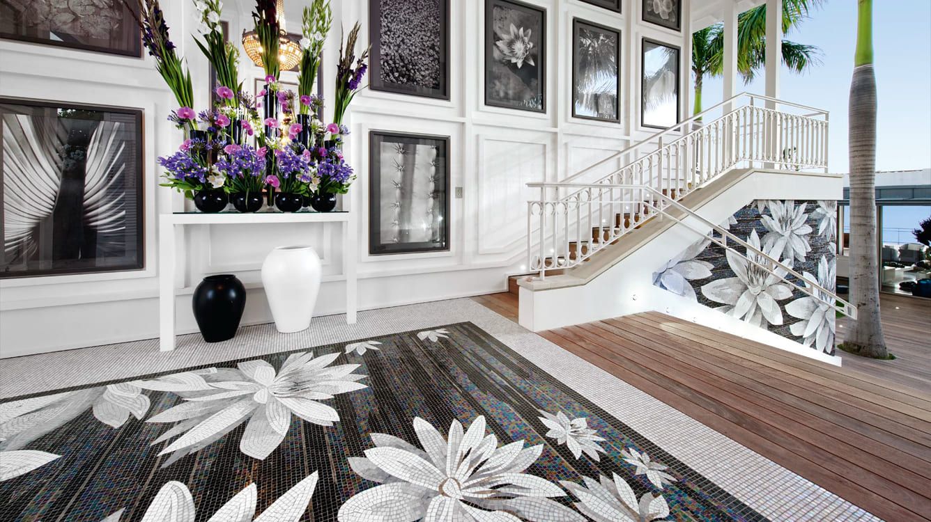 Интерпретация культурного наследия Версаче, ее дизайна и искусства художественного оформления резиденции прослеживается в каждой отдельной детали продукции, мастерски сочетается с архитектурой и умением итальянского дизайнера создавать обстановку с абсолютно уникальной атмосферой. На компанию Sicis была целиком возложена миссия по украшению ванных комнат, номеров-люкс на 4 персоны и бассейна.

==

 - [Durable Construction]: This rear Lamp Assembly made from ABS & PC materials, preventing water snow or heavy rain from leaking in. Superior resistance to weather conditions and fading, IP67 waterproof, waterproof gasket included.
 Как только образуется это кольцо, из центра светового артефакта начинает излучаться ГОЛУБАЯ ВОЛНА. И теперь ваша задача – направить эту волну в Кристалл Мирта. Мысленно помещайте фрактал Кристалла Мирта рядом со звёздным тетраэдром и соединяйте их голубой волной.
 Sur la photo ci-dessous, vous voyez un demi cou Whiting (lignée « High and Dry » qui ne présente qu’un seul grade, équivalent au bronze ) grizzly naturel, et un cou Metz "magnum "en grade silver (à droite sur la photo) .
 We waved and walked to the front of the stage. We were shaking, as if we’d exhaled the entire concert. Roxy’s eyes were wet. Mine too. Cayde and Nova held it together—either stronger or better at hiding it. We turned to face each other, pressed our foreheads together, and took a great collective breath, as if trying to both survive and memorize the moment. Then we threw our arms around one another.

- TASK DESCRIPTION
Your answer should be the exact lines above from the one with "- [Durable Construction]: This" through the one with "We waved and", both included, and nothing besides.

- YOUR SOLUTION
 - [Durable Construction]: This rear Lamp Assembly made from ABS & PC materials, preventing water snow or heavy rain from leaking in. Superior resistance to weather conditions and fading, IP67 waterproof, waterproof gasket included.
 Как только образуется это кольцо, из центра светового артефакта начинает излучаться ГОЛУБАЯ ВОЛНА. И теперь ваша задача – направить эту волну в Кристалл Мирта. Мысленно помещайте фрактал Кристалла Мирта рядом со звёздным тетраэдром и соединяйте их голубой волной.
 Sur la photo ci-dessous, vous voyez un demi cou Whiting (lignée « High and Dry » qui ne présente qu’un seul grade, équivalent au bronze ) grizzly naturel, et un cou Metz "magnum "en grade silver (à droite sur la photo) .
 We waved and walked to the front of the stage. We were shaking, as if we’d exhaled the entire concert. Roxy’s eyes were wet. Mine too. Cayde and Nova held it together—either stronger or better at hiding it. We turned to face each other, pressed our foreheads together, and took a great collective breath, as if trying to both survive and memorize the moment. Then we threw our arms around one another.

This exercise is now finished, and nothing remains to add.